Ester-Mirjam Sent ervaart al jaren in haar werk als econoom dat er een samenhang is tussen genoemde aspecten als gebrek aan diversiteit, hechten aan eigen gelijk en het negeren van de grote maatschappelijke vraagstukken: “We etaleren een houding van: ‘Kijk ons eens met de prachtige inzichten, wat jammer dat er weinig mee wordt gedaan en niet naar ons wordt geluisterd.’ Ik wil de oproep doen om vraag-gestuurd te denken. Bij wie moet je zijn op welk moment? Zoek het juiste gehoor terwijl je weet wat er speelt, om ook echt verschil te kunnen maken.”
Blijf wel meten
Echter, economen en bedrijfskundigen hoeven niet compleet van hun geloof te vallen, zo blijkt uit distillatie van een zevende categorie van adviezen gedurende dit Impact Forum. Onderzoekers bepleitten de noodzaak van het stellen en onderbouwen van meetbare beleidsdoelen, juist waar het gaat om maatschappelijke invloed. Economen kunnen als geen ander de vaak wat vage nieuwe doelen concretiseren.

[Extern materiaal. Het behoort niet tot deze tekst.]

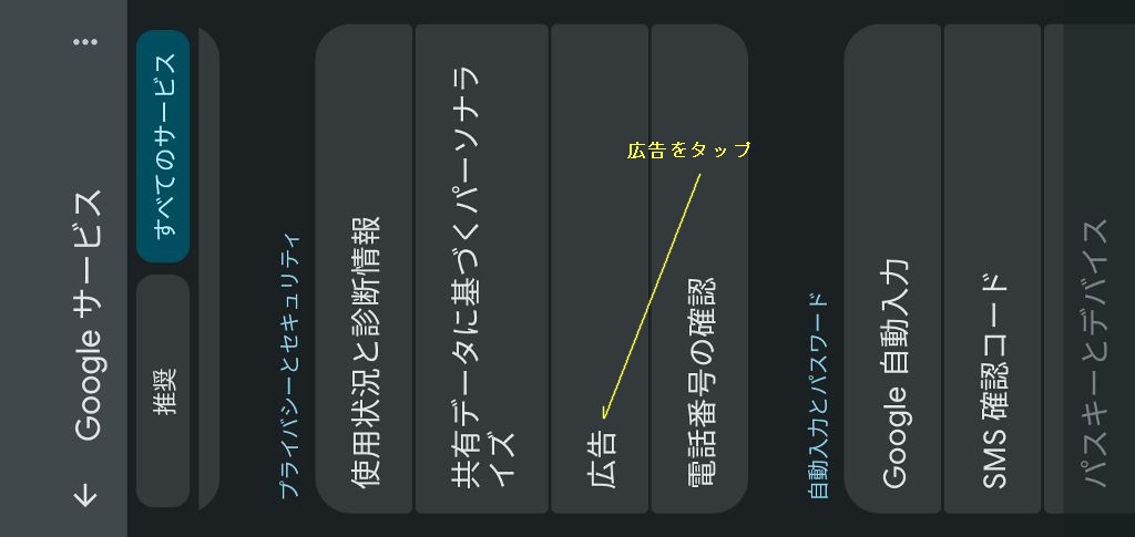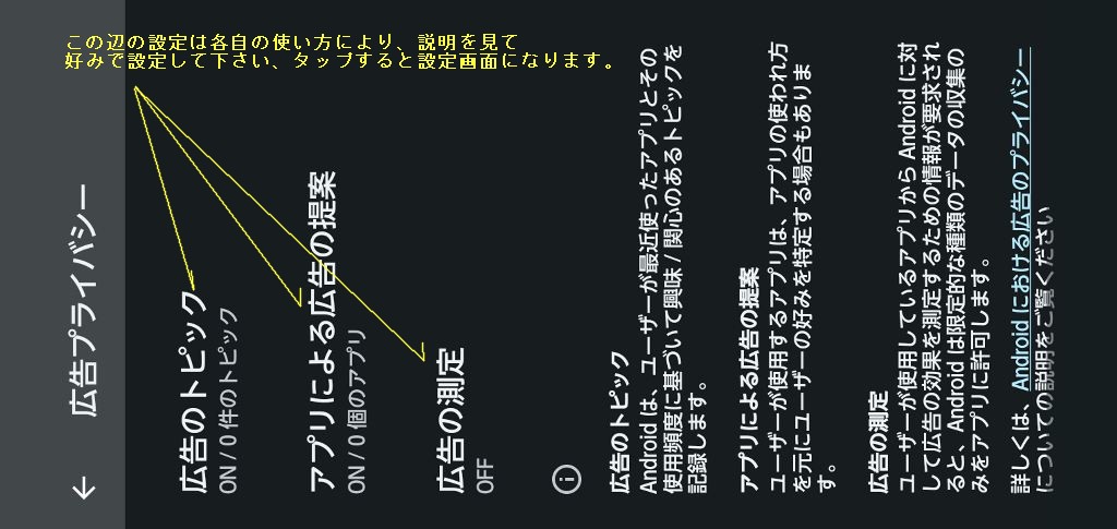 広告プライバシーにほかにも項目が有るので各自の判断で設定

Volgens Jan-Peter Balkenende – nog zo herkenbaar aan zijn ‘vlugspraak’ uit zijn premierstijd – moeten langetermijnindicatoren, zoals van de Sustainable Development Goals leidend worden bij het bruggen bouwen. Als voorzitter van de Dutch Sustainable Growth Coalition wil hij dat faculteiten meetinstrumenten ontwikkelen om de voortgang te bewaken. Zo komen de nieuwe doelstellingen en traditionele kracht van de economische wetenschappen bijeen.
Hij zag immers als commissaris bij ING dat banken hun zakelijke cliënten pogen te bewegen om in lijn met de klimaatafspraken van Parijs te acteren, en bij hypotheken voor consumenten de duurzaamheid van woningen beoordelen. “Maar per kwartaal wordt de bank louter afgerekend op omzet, kostenbesparing en winst – dus financiële variabelen. Er bestaat een ‘mismatch’ tussen maatschappelijke oriëntatie en afrekening op kwartaalcijfers.”
Lange weg te gaan
Als we afgaan op deze middag staan de faculteiten voor een enorme opgave. Al is het maar om hun intern zo gerichte onderscheid tussen economie en bedrijfskunde te laten varen in de contacten met de buitenwereld. Zoals Arnoud Boot opmerkt: “We zijn allemaal economen, het onderscheid is maar lastig.”
Soms lijken alle heilige huisjes ineens omver te moeten: de doelstellingen van onderzoek en onderwijs, verhouding intern en extern, tegenover andere disciplines, de samenstelling van de leiding van faculteiten, de eigen houding en het taalgebruik.
Er is, zo beaamde Peter Verhoef in zijn conclusie, een lange, intensieve weg te gaan voor de veertien decanen en hun faculteiten. Hiervoor zijn leiderschap, durf en samenwerking noodzakelijk.